**Extracted material**
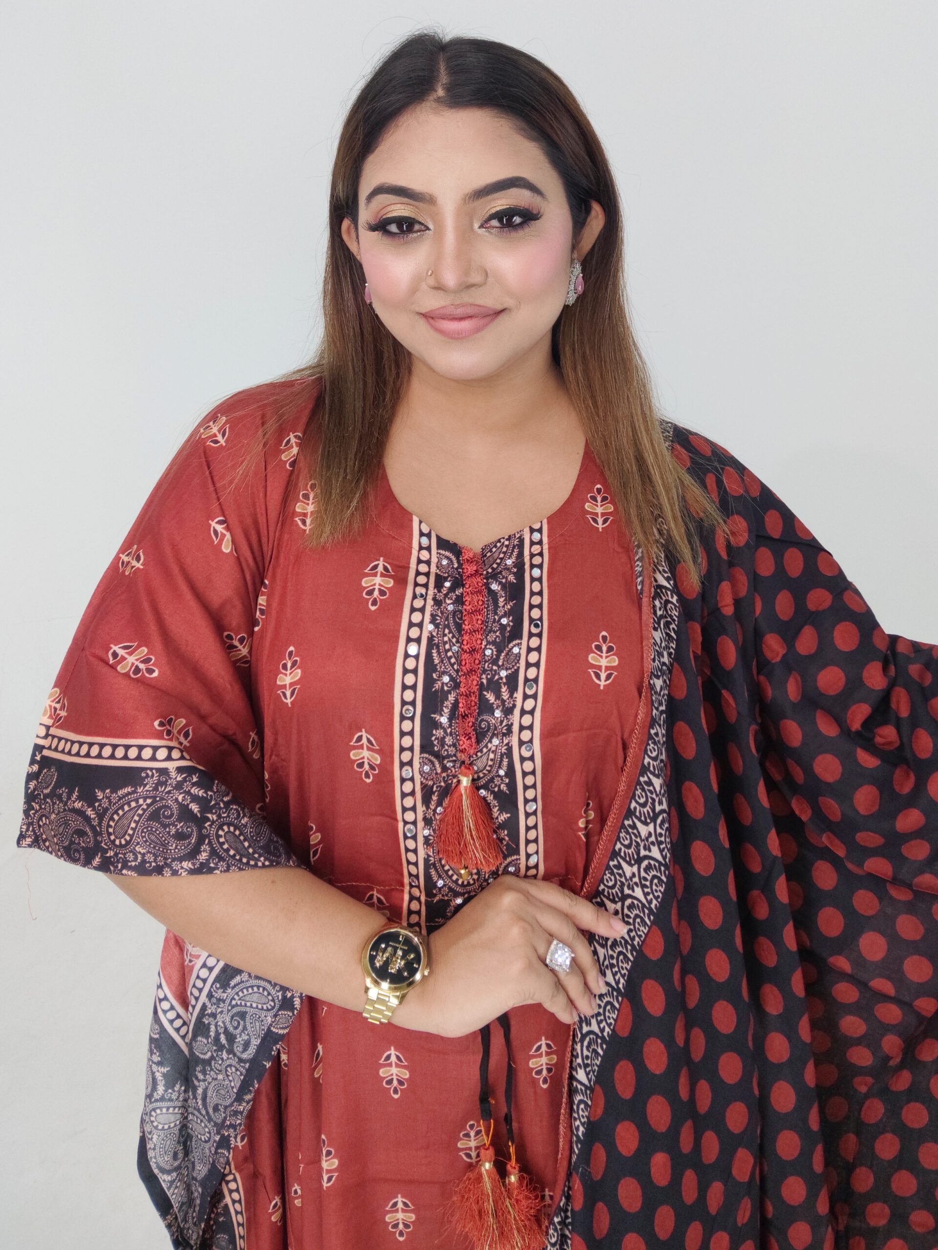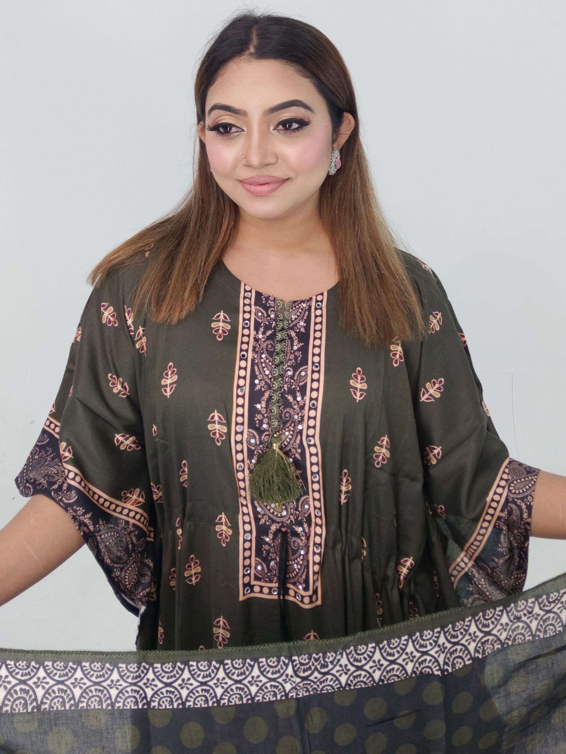 Designed in a free-size fit that comfortably accommodates up to 46 inches, this kaftan offers a relaxed yet flattering silhouette. The 46-inch length provides graceful coverage and flow, making it ideal for daily wear, family programs, or casual outings.
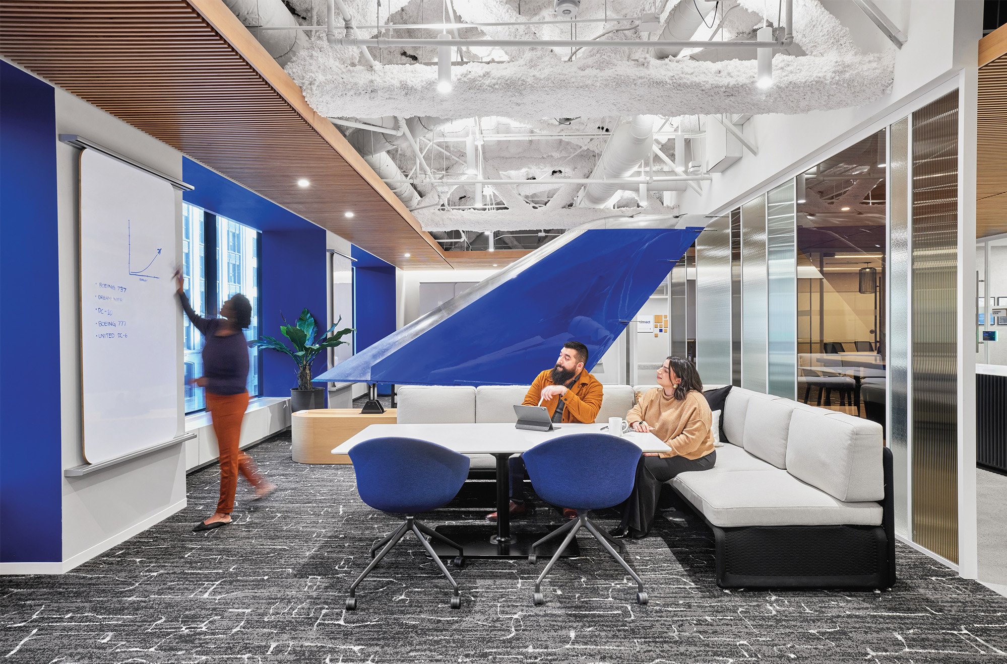 As the first airline committed to achieving net-zero greenhouse gas emissions by 2050 without carbon offsets, United Airlines needed the renovation of its Chicago headquarters to embody its values. Housing more than 3,000 employees across 650,000 square feet and 13 floors of the Willis Tower, the office was refreshed by IA Interior Architects with a new lease on circular economy.
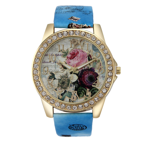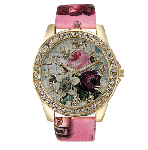 1X2016 New Fashion Chinese Style Peony Pattern Watch Gilt Digital Quartz Casual Leather Clock Women Dress Flower
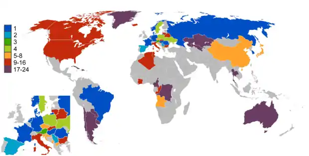 | FRA | × | × | × | × | × | × | 12th | •• | • | • | • | • | 22nd | 22nd | • | • | 17th | 20th | • | • | • | • | • | 23rd | 26th | 7 | |||||
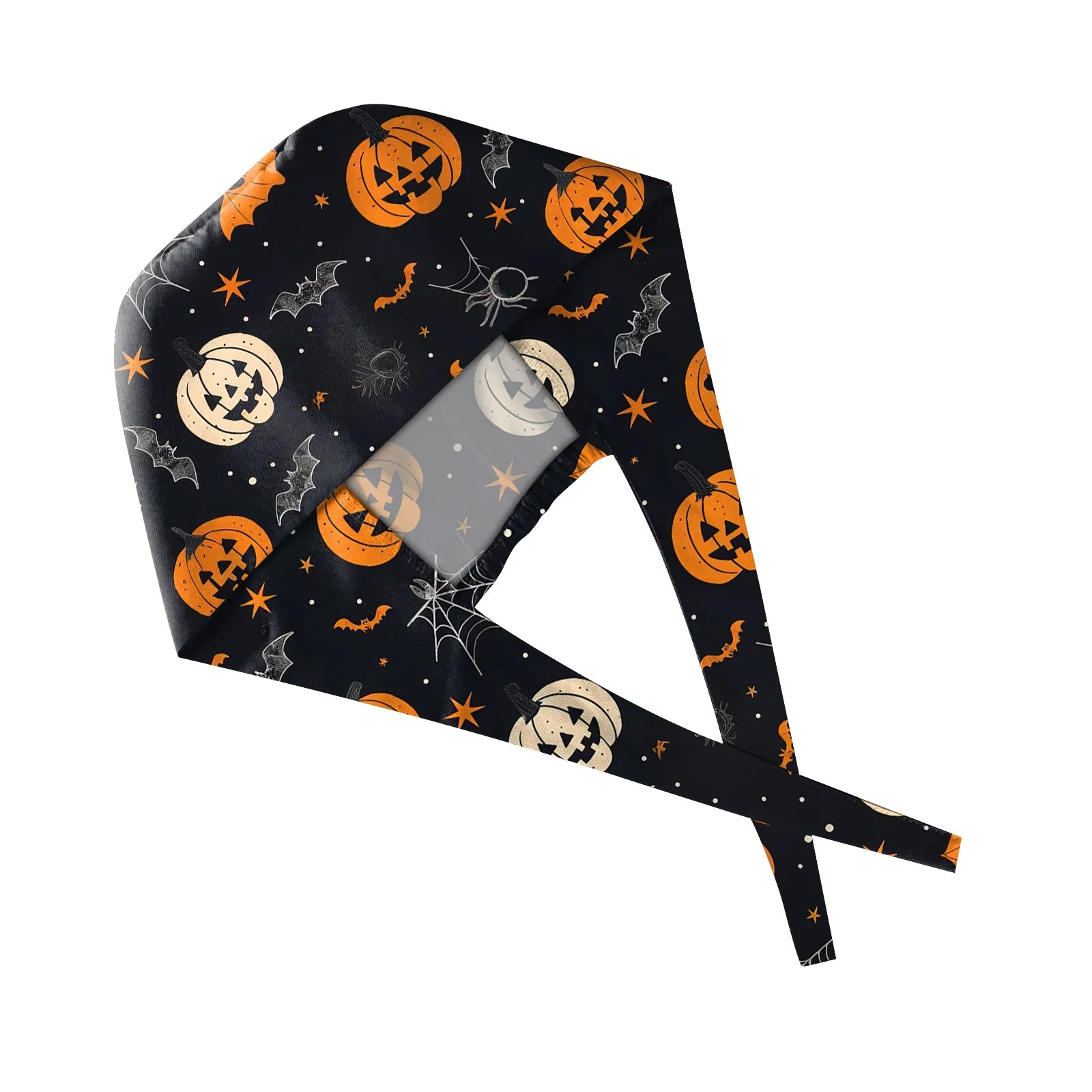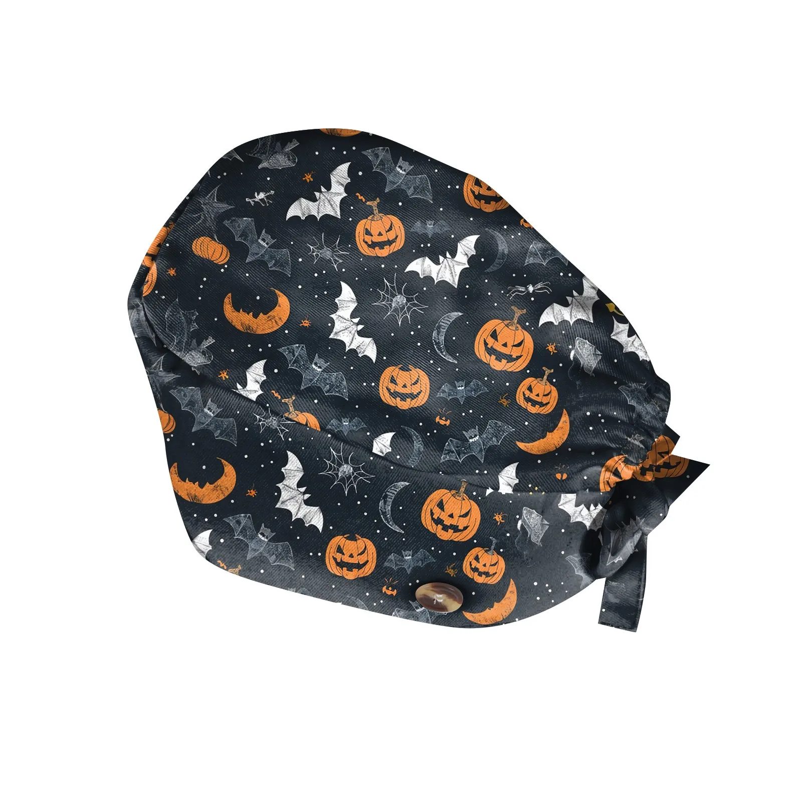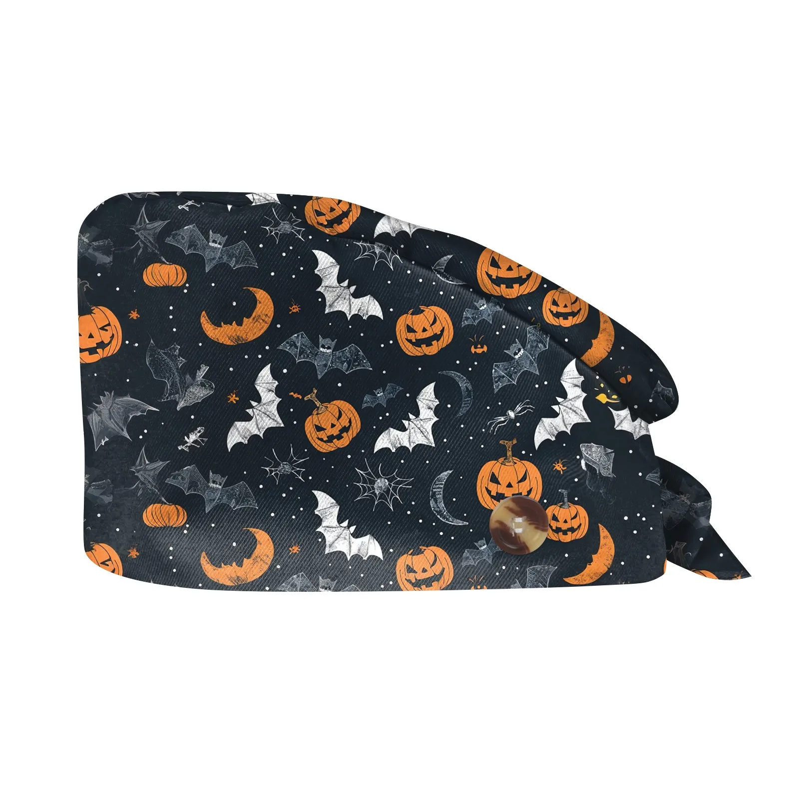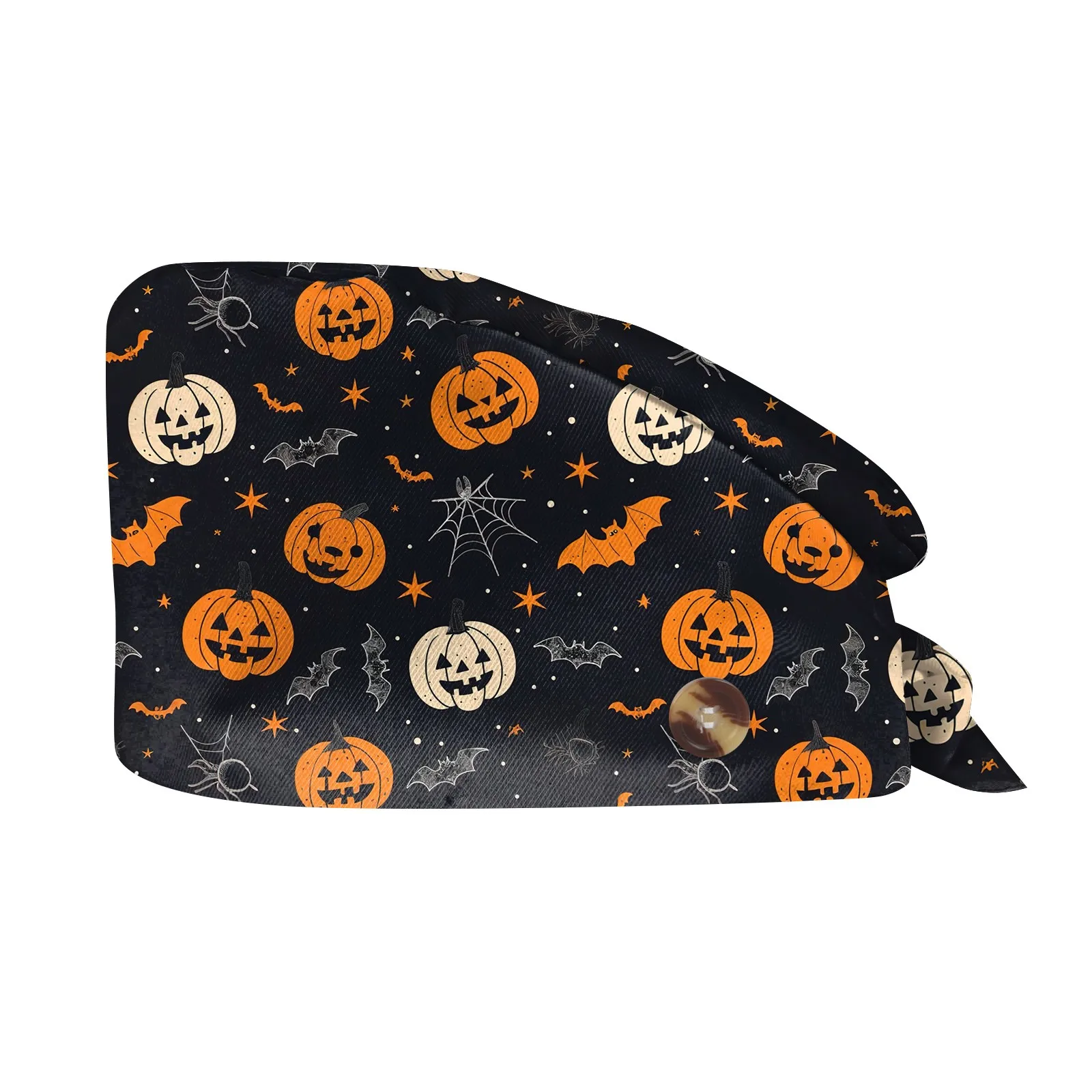 Halloween Print Work Cap Fashionable Casual Women's Printed Elastic Scrub Hat Unisex Work Caps Nurse Accessories Nurse Cap

**Aim of the exercise**
In your copy, the listing above should appear word for word, with no images.

**Solution to this task**
 Designed in a free-size fit that comfortably accommodates up to 46 inches, this kaftan offers a relaxed yet flattering silhouette. The 46-inch length provides graceful coverage and flow, making it ideal for daily wear, family programs, or casual outings.
 As the first airline committed to achieving net-zero greenhouse gas emissions by 2050 without carbon offsets, United Airlines needed the renovation of its Chicago headquarters to embody its values. Housing more than 3,000 employees across 650,000 square feet and 13 floors of the Willis Tower, the office was refreshed by IA Interior Architects with a new lease on circular economy.
 1X2016 New Fashion Chinese Style Peony Pattern Watch Gilt Digital Quartz Casual Leather Clock Women Dress Flower
 | FRA | × | × | × | × | × | × | 12th | •• | • | • | • | • | 22nd | 22nd | • | • | 17th | 20th | • | • | • | • | • | 23rd | 26th | 7 | |||||
 Halloween Print Work Cap Fashionable Casual Women's Printed Elastic Scrub Hat Unisex Work Caps Nurse Accessories Nurse Cap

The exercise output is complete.